TASK =
All of the data that follows is to be printed exactly, without pictures.

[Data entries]

* * * *

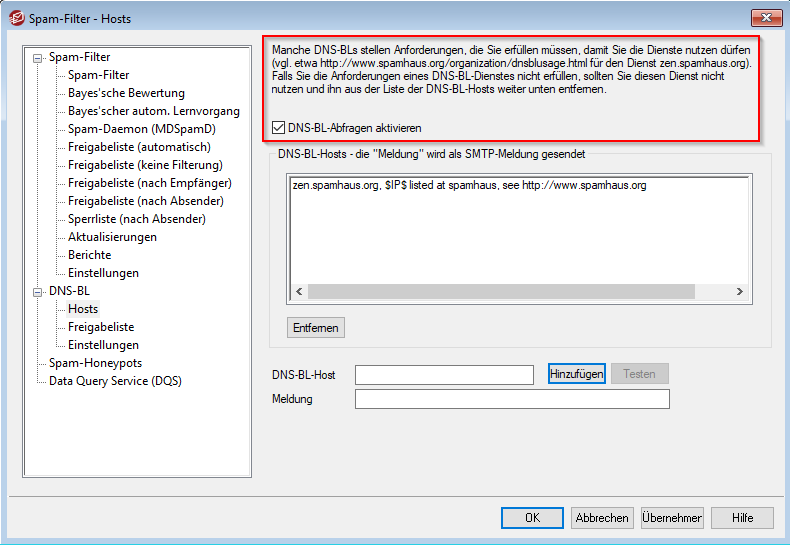 Aktivieren Sie im Bereich "Hosts" bitte die DNS-BL-Abfrage:
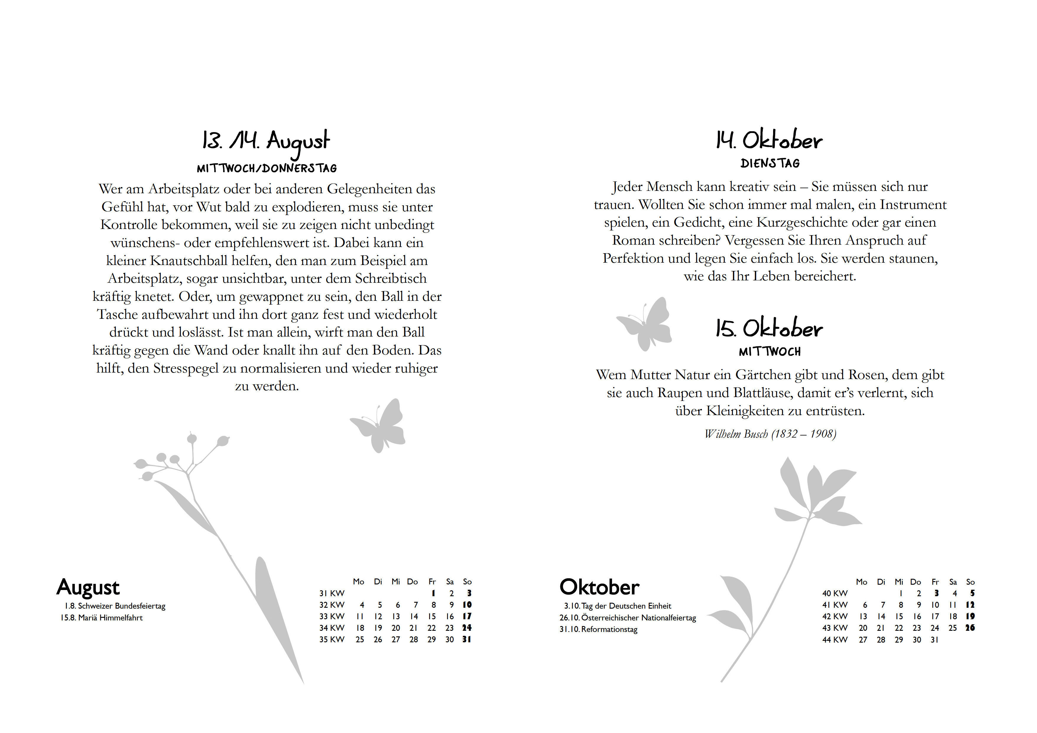 Um die Alltagsprobleme besser bewältigen zu können, wünschen sich viele mehr Gelassenheit. Achtsamkeit ist ein wunderbarer Weg, um auch bei Stress und hohen Anforderungen entspannt zu reagieren oder zu bleiben.Tag für Tag bietet dieser Kalender Anregungen, Übu...
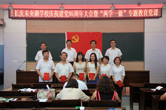 2016年6月29日,在中国共产党建党95周年来临之际,长庆未央湖学校召开党员大会,缅怀党的光荣历程,组织党员重温入党誓词,隆重表彰优秀党员,开展“两学一做”专题党课教育。会议由该校校长何胆孝主持。
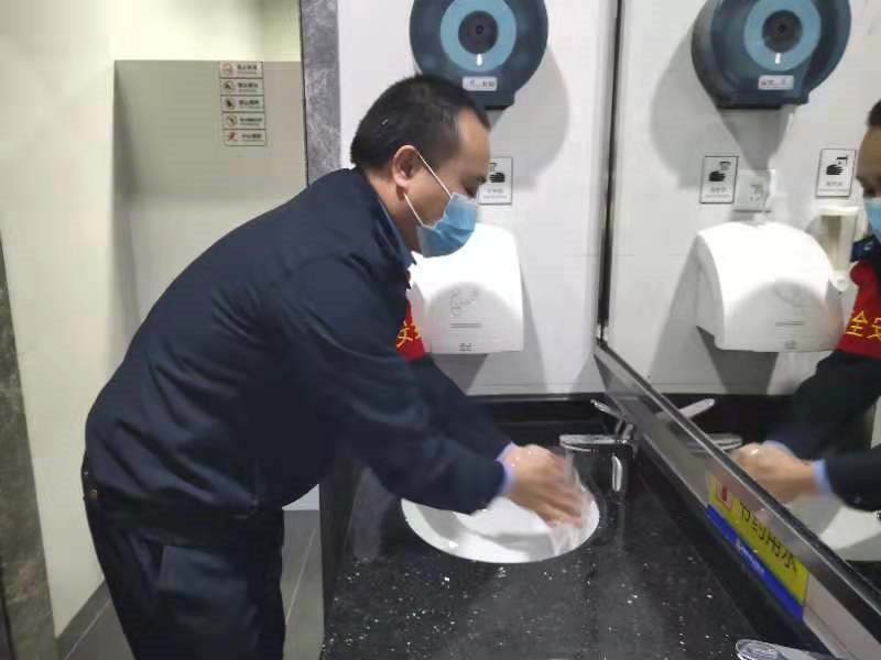 由于現(xiàn)在是肺炎疫情嚴(yán)重防控期間,按照車隊(duì)要求,邱華出車前先去洗手間把手洗干凈,然后接受問(wèn)詢告知、酒精測(cè)試、測(cè)量體溫、配戴口罩等。
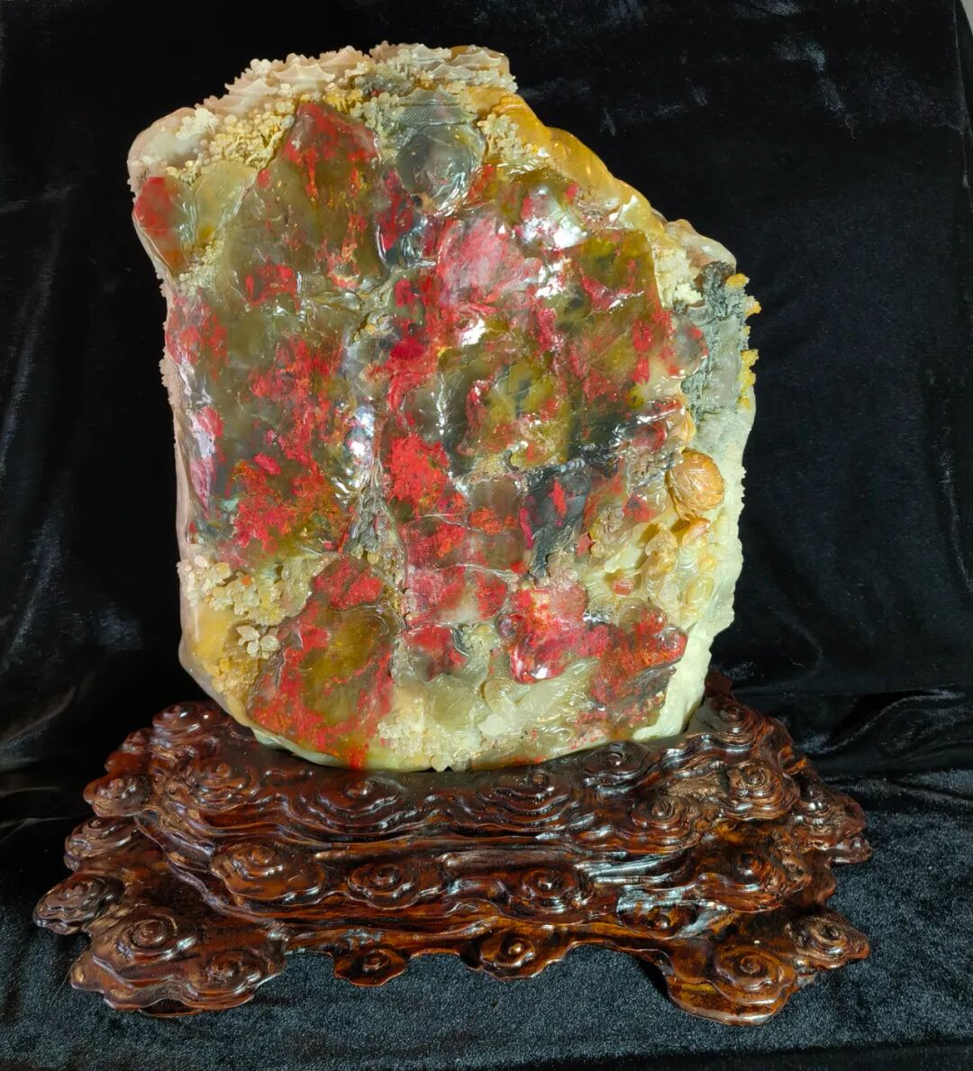创作理念:作品正面以大片块状鸡血来衬托,晚霞斜照在云端红遍山顶,深山脚下天色渐暗,主人公手持灯笼,早早地在深山口迎接友人的到来,刻画出古代文人雅士,走访好友的场景画面。▌《鸡血王龙鱼》

* * * *

OUTPUT FOR THIS EXERCISE =
 Aktivieren Sie im Bereich "Hosts" bitte die DNS-BL-Abfrage:
 Um die Alltagsprobleme besser bewältigen zu können, wünschen sich viele mehr Gelassenheit. Achtsamkeit ist ein wunderbarer Weg, um auch bei Stress und hohen Anforderungen entspannt zu reagieren oder zu bleiben.Tag für Tag bietet dieser Kalender Anregungen, Übu...
 2016年6月29日,在中国共产党建党95周年来临之际,长庆未央湖学校召开党员大会,缅怀党的光荣历程,组织党员重温入党誓词,隆重表彰优秀党员,开展“两学一做”专题党课教育。会议由该校校长何胆孝主持。
 由于現(xiàn)在是肺炎疫情嚴(yán)重防控期間,按照車隊(duì)要求,邱華出車前先去洗手間把手洗干凈,然后接受問(wèn)詢告知、酒精測(cè)試、測(cè)量體溫、配戴口罩等。
创作理念:作品正面以大片块状鸡血来衬托,晚霞斜照在云端红遍山顶,深山脚下天色渐暗,主人公手持灯笼,早早地在深山口迎接友人的到来,刻画出古代文人雅士,走访好友的场景画面。▌《鸡血王龙鱼》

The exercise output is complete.